Python Pandas merge() - Merge DataFrames

Updated on December 27, 2024
merge() header image

Introduction

The merge() function in Python's Pandas library is a fundamental tool for combining data from multiple DataFrames, much like SQL joins. This capability is crucial when you're dealing with relational data, enabling you to bring together information from different sources efficiently and intuitively.

In this article, you will learn how to use the merge() function to join two DataFrames. Discover various join types, such as inner, outer, left, and right joins, and learn how to specify which columns to join on. This knowledge will help you handle data merging tasks with confidence and precision.

Understanding Basic DataFrame Merging

Performing an Inner Join

  1. Create two DataFrames with common and unique columns.
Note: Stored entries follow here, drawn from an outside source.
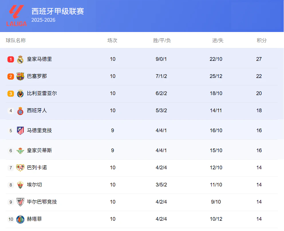 - 皇家马德里 10战 9胜 0平 1负 27分(净胜球+12)
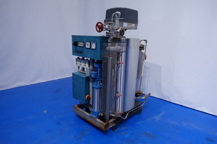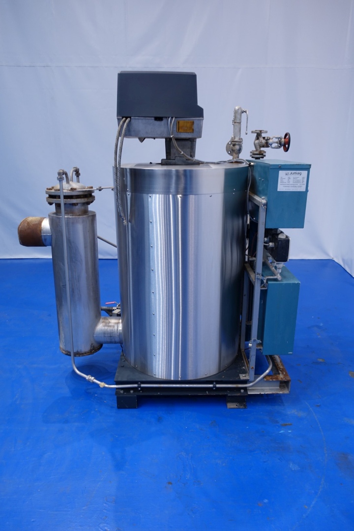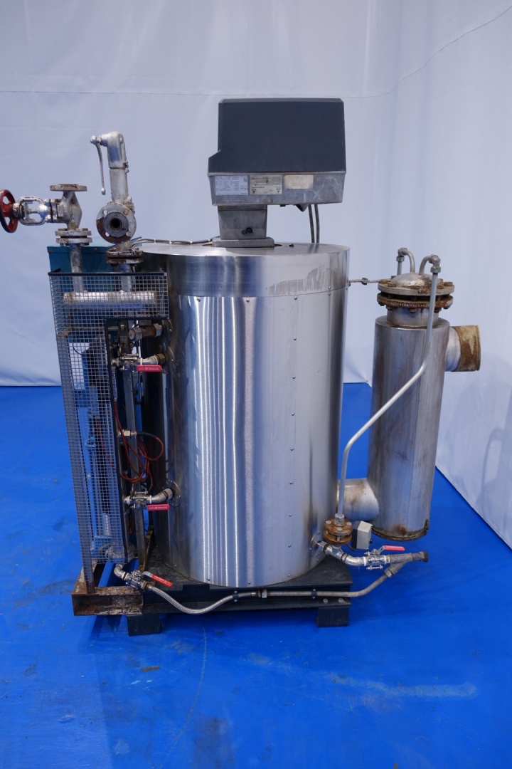 Steam generator - oil fired. Compact quick steam boiler. Volume 45L - max operating pressure: 13 bar - steam output up to 320 kg/h - heat output max 218 kW - working pressure 6-11 bar - heating time approx 8 min. With Grundfoss waterpump and Weishaupt WL30Z-C burner (capacity min 72 - max 330 kW). Total dimensions: 170x83x188 (lxwxh) - weight: 693 kg.
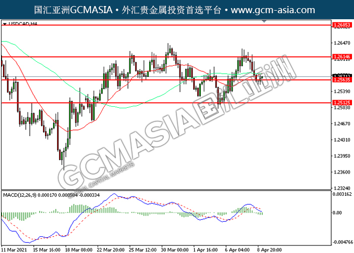 USDCAD,H4: 美加突破后持续下行,目前测试前期支撑。MACD空头动能略增,若下破可关注空头趋势。上方关注1.2615压力和1.2685压力,下方关注1.2565支撑1.2515支撑。
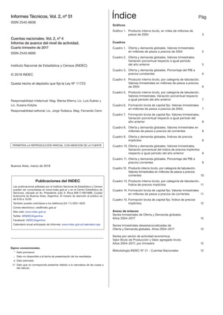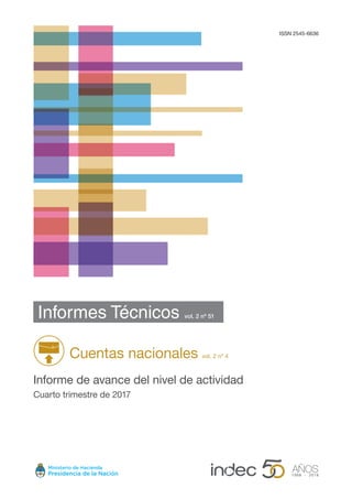 Este documento presenta estimaciones provisionales del Producto Interno Bruto (PIB) para el cuarto trimestre de 2017 en Argentina. Reporta un aumento del PIB del 3.9% interanual y del 1% desestacionalizado respecto al trimestre anterior. También analiza la oferta y demanda globales, destacando incrementos en la formación bruta de capital fijo, consumo privado y público, e importaciones. Además, revisa estimaciones preliminares del valor agregado por sector económico.
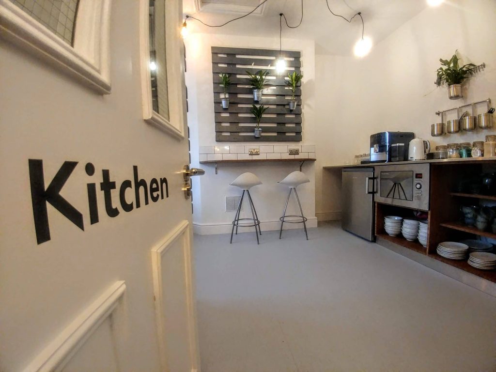 Our communal kitchen is available with unlimited locally roasted barista coffee, Clipper teas, and limited kitchen equipment.

  2. Merge them using the merge() function by specifying the type of join.

    python
    import pandas as pd
    
    df1 = pd.DataFrame({
        'key': ['A', 'B', 'C', 'D'],
        'value_df1': [1, 2, 3, 5]
    })
    
    df2 = pd.DataFrame({
        'key': ['B', 'D', 'E', 'F'],
        'value_df2': [2, 4, 6, 8]
    })
    
    merged_inner = pd.merge(df1, df2, on='key', how='inner')
    print(merged_inner)
    

    This code merges df1 and df2 on the common column 'key' with an inner join. The result is a new DataFrame that includes only rows that have matching values in the 'key' column from both DataFrames.

Performing Outer, Left, and Right Joins

  1. Apply different types of joins to understand their behavior.

  2. Adjust the how parameter in the merge() function to change the join type.

    python
    merged_outer = pd.merge(df1, df2, on='key', how='outer')
    merged_left = pd.merge(df1, df2, on='key', how='left')
    merged_right = pd.merge(df1, df2, on='key', how='right')
    
    print("Outer Join:\n", merged_outer)
    print("Left Join:\n", merged_left)
    print("Right Join:\n", merged_right)
    
    • Outer join: Combines all rows from both DataFrames, filling in NaN where there are no matches.
    • Left join: Includes all rows from df1 and the matched rows from df2, filling in NaN in places of non-match.
    • Right join: Includes all rows from df2 and the matched rows from df1, filling in NaN in places of non-match.

Advanced Merging Techniques

Specifying Multiple Columns to Join On

  1. Create DataFrames with multiple common columns.

  2. Use merge() by specifying a list of columns.

    python
    df3 = pd.DataFrame({
        'key1': ['A', 'B', 'C'],
        'key2': ['X', 'Y', 'Z'],
        'value_df3': [1, 2, 3]
    })
    
    df4 = pd.DataFrame({
        'key1': ['B', 'C', 'D'],
        'key2': ['Y', 'Z', 'X'],
        'value_df4': [4, 5, 6]
    })
    
    merged_multiple_keys = pd.merge(df3, df4, on=['key1', 'key2'], how='inner')
    print(merged_multiple_keys)
    

    Here, df3 and df4 are merged on two columns, key1 and key2. The inner join type results in a DataFrame that includes only the rows with matching values in both specified columns from both DataFrames.

Using left_on and right_on for Mismatched Column Names

  1. Handle cases where the join columns have different names in the DataFrames.

  2. Specify left_on and right_on in the merge() function.

    python
    df5 = pd.DataFrame({
        'lkey': ['A', 'B', 'C'],
        'value': [1, 2, 3]
    })
    
    df6 = pd.DataFrame({
        'rkey': ['A', 'B', 'D'],
        'value': [4, 5, 6]
    })
    
    merged_different_keys = pd.merge(df5, df6, left_on='lkey', right_on='rkey', how='inner')
    print(merged_different_keys)
    

    This example demonstrates merging df5 and df6 where the keys have different names in each DataFrame, utilizing left_on and right_on to specify the corresponding columns.

Conclusion

The merge() function in Python’s Pandas library is an essential tool for combining DataFrames in various ways, mimicking the behavior of SQL joins. Using this function, you can effectively manage and analyze relational data by performing inner, outer, left, and right joins, as well as handling more complex scenarios involving multiple keys or mismatched column names. By mastering these techniques, you elevate your data manipulation skills, making data analysis tasks more streamlined and insightful.